My comments are just about a seemingly supported use case that confuses me. There is currently no way to return to RUNNING after SHUTDOWN without exiting and restarting the python process in production. Is there a future use case here we're looking to support I'm unaware of? If not we should probably remove the perceived support for that since its a bit confusing.
| # Reset event for this shutdown cycle (supports repeated use, e.g. backup restore) | ||
| self._shutdown_event.clear() |
There was a problem hiding this comment.
The concept of repeated use doesn't really make sense here. Shutdown eventually leads to a stop in the python process which obviously clears the event. And there's no way to go back to CoreState.RUNNING from those closing states. So I'm not really sure when this would have any effect?
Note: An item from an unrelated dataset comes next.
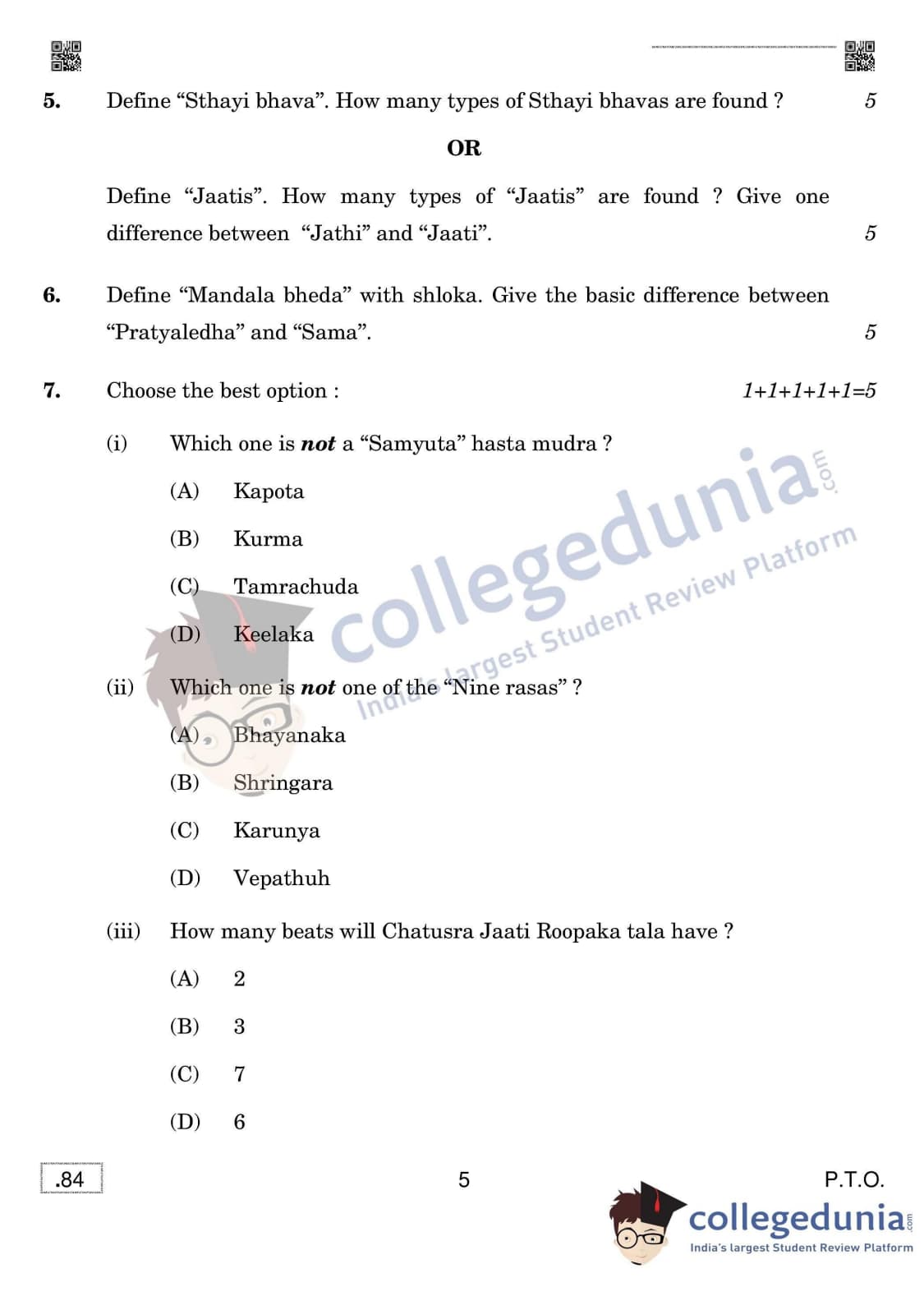 | CBSE Class 12 Bharatanatyam Dance (Theory) Question Paper 2020 PDF | CBSE Class 12 Bharatanatyam Dance (Theory) Answer Key 2020 PDF |

At the very least the comment should probably be adjusted since its example isn't a real use case.
| async def test_shutdown_event_reset_between_cycles(coresys: CoreSys): | ||
| """Repeated shutdown cycles (e.g. backup restore) work because the event is reset.""" | ||
| await coresys.core.set_state(CoreState.RUNNING) | ||
|
|
||
| await coresys.core.shutdown() | ||
| assert coresys.core._shutdown_event.is_set() | ||
|
|
||
| # Simulate restore returning to RUNNING and shutting down again | ||
| await coresys.core.set_state(CoreState.RUNNING) | ||
|
|
||
| second_entered = False | ||
| original_shutdown = coresys.apps.shutdown | ||
|
|
||
| async def track_app_shutdown(startup): | ||
| nonlocal second_entered | ||
| second_entered = True | ||
| return await original_shutdown(startup) | ||
|
|
||
| with patch.object(coresys.apps, "shutdown", side_effect=track_app_shutdown): | ||
| await coresys.core.shutdown() | ||
|
|
||
| assert second_entered | ||
| assert coresys.core._shutdown_event.is_set() |
There was a problem hiding this comment.
I mean this is very much a fabricated use case, it can't ever happen in production. CoreState cannot get back to RUNNING from SHUTDOWN. Is there a plan to support some kind of live backup and restore for Supervisor I'm unaware of?
|
Please take a look at the requested changes, and use the Ready for review button when you are done, thanks 👍 |
Proposed change
After #6887,
Core.shutdown()runs from the SIGTERM signal handler during host shutdown in addition to the existing call sites (host.control.reboot()/shutdown(), backup restore). To avoid spawning a secondstop_supervisor()task when a repeat SIGTERM arrives,__main__.pydebounced the signal handler by stashing the in-flight task in a single-element list and bailing out on subsequent invocations. That workaround only covers the SIGTERM-vs-SIGTERM race; two API-initiated reboots, or a reboot API call racing with SIGTERM, would still re-enter the shutdown sequence.This PR moves the idempotency into
Core.shutdown()itself, where every caller benefits:asyncio.Eventrather than re-running the sequence.STOPPING/CLOSEreturn early — Supervisor is already going away, the work is moot.STARTING_STATES(INITIALIZE/STARTUP/SETUP) return early too. There is nothing coherent to gracefully stop before startup completes, and on the SIGTERM-during-startup path the caller cancelsstartup_taskfirst, so waiting for it to complete would deadlock (thefinallyinCore.start()cannot reachset_state(RUNNING)once awaits raiseCancelledError).try/finallyso the completion event is set even when an inner step raises.With idempotency in
Core, the closure-with-list workaround in__main__.pycollapses to a plaincoresys.create_task(stop_supervisor()): repeat SIGTERMs spawn extra tasks but each just observes the in-flight shutdown and waits.Inspired by (a subset of) #6631.
Type of change
Additional information
Checklist
ruff format supervisor tests)If API endpoints or add-on configuration are added/changed: